Esteban’s work is vast. In addition to working for AORTA, he is the Co-Executive Director for the US Federation of Worker Co-ops (USFWC), and a co-founder and current board President of the cross-sector Philadelphia Area Cooperative Alliance (PACA).

Internationally, Esteban has advocated for workplace democracy through the ICA (International Cooperative Alliance) and CICOPA (the international worker co-op federation), and for land reform and other social movements from Canada to Brazil.

After many years as a PhD student of Marxist Geographers at the CUNY Graduate Center, Esteban has left academia with a Masters in Anthropology. Most recently, Esteban worked as Development Director and then Staff Director for the New Economy Coalition. From 2009-2011, Esteban served as Vice President of the USFWC, and a board member of the Democracy At Work Institute (DAWI) and the US Solidarity Economy Network. He is also a previous Director of Education & Training and Board President of NASCO (North American Students for Cooperation) where he was inducted into their Cooperative Hall of Fame in 2011. He currently serves on the boards of the Cooperative Development Foundation (CDF) and the National Cooperative Business Association (NCBA–CLUSA), and is an advisor to the network of artist-activist trainers, Beautiful Trouble.

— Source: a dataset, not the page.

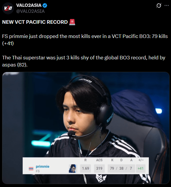 With questions on whether or not primmie would even make it into VCT for 2026, he made sure to be a player that will always be on the radar for players, with an incredible 79 frags, putting him in the top 4 kills ever in a BO3 series in Franchising.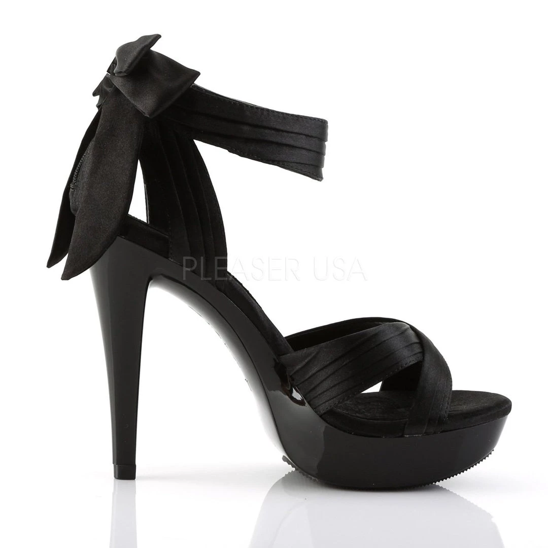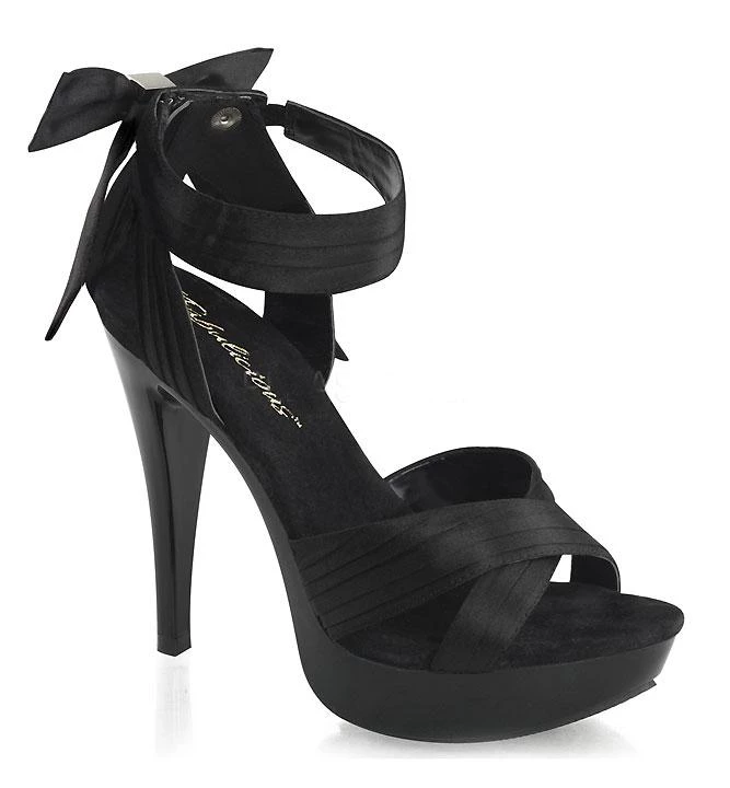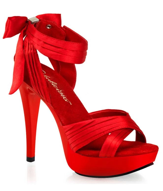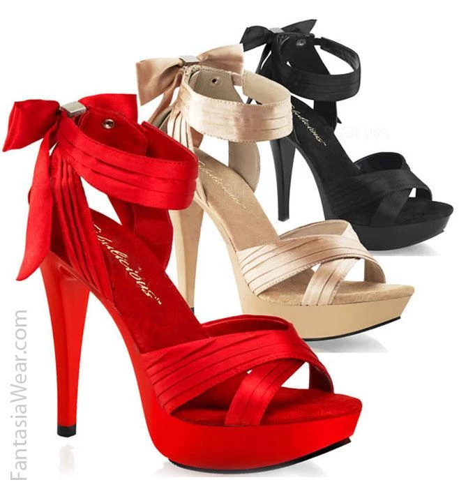 Criss-cross pleated satin strap sandal with 5 inch stiletto high heel and closed back, featuring one inch platform shoe and ankle strap with bow in back, colors are Black or Red (Champagne is a CLOSEOUT color). PS-COCKTAIL-568

Firmly rooted in West Philly, Esteban’s skills and analysis of transformative justice stem from his decade-plus of organizing with the Philly Stands Up collective. Similarly, Esteban worked through a major food co-op transition as a worker–owner at Mariposa Food Co-op, where he co-founded its Food Justice & Anti-Racism working group (FJAR) and labored to institutionalize the Mariposa Staff Collective. In light of these efforts, Esteban became a Mayoral appointee to the Philadelphia Food Policy Advisory Council (FPAC), and works to advance education, systemic thinking, and anti-oppression organizing into all of his food advocacy work. 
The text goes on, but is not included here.